Supplied information section start

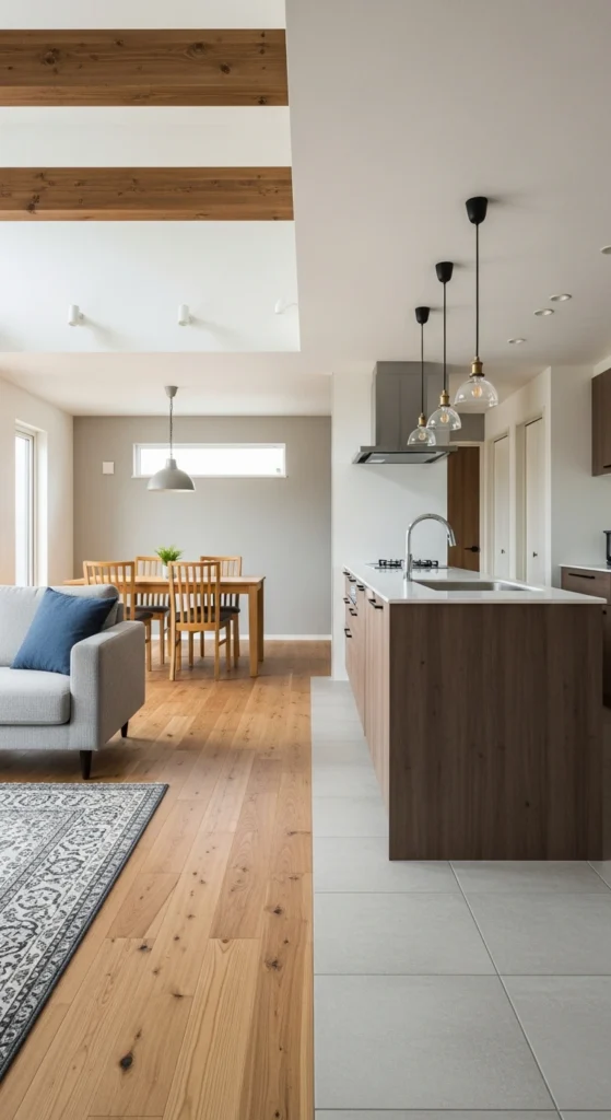 Also think about traffic flow. You should be able to walk between kitchen, dining, and living areas without awkward detours. Any open kitchen and living room partition should guide movement naturally, not create an obstacle course.
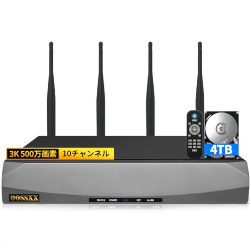 OOSSXX NVRレコーダーは、4K800万画素録画が可能で、最大16台のカメラ接続ができます。遠隔監視、日本語システム搭載、防犯対策に最適。4TBハードディスク内蔵、ワイヤレス対応。
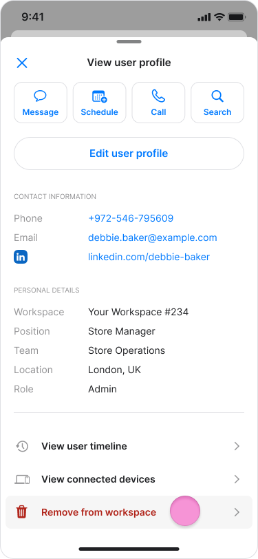 Scroll down and tap "Remove from workspace".
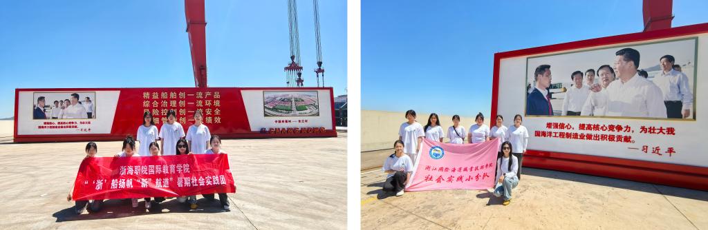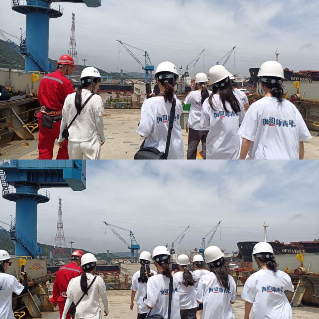 7月2日、4日和5日,“‘浙’船扬帆“新”航道”社会实践团分别对舟山市华丰船舶修造有限公司、长宏国际船舶修造、舟山中远海运重工有限公司等舟山大型企业实地调研,在了解这些公司的生产规模、技术实力和未来发展趋势的基础上,深刻理解习近平总书记提出的新质生产力的重大意义。最为鼓舞人心的是,队员们了解到舟山船舶企业在国家实体经济转型过程中,面对国内外经济环境复杂多变的大环境,不仅实现了逆势增长,取得了诸多喜人成绩,还不忘回报社会,提升员工福利,辐射带动周边社区医疗、海岛建设等为浙江共同富裕示范区做出了舟山样板。队员们纷纷表示在舟山就业,大有可为。

Supplied information section end

[Your goal] The reply must hold every line above exactly as written and none of the pictures.

[Exercise result]
 Also think about traffic flow. You should be able to walk between kitchen, dining, and living areas without awkward detours. Any open kitchen and living room partition should guide movement naturally, not create an obstacle course.
 OOSSXX NVRレコーダーは、4K800万画素録画が可能で、最大16台のカメラ接続ができます。遠隔監視、日本語システム搭載、防犯対策に最適。4TBハードディスク内蔵、ワイヤレス対応。
 Scroll down and tap "Remove from workspace".
 7月2日、4日和5日,“‘浙’船扬帆“新”航道”社会实践团分别对舟山市华丰船舶修造有限公司、长宏国际船舶修造、舟山中远海运重工有限公司等舟山大型企业实地调研,在了解这些公司的生产规模、技术实力和未来发展趋势的基础上,深刻理解习近平总书记提出的新质生产力的重大意义。最为鼓舞人心的是,队员们了解到舟山船舶企业在国家实体经济转型过程中,面对国内外经济环境复杂多变的大环境,不仅实现了逆势增长,取得了诸多喜人成绩,还不忘回报社会,提升员工福利,辐射带动周边社区医疗、海岛建设等为浙江共同富裕示范区做出了舟山样板。队员们纷纷表示在舟山就业,大有可为。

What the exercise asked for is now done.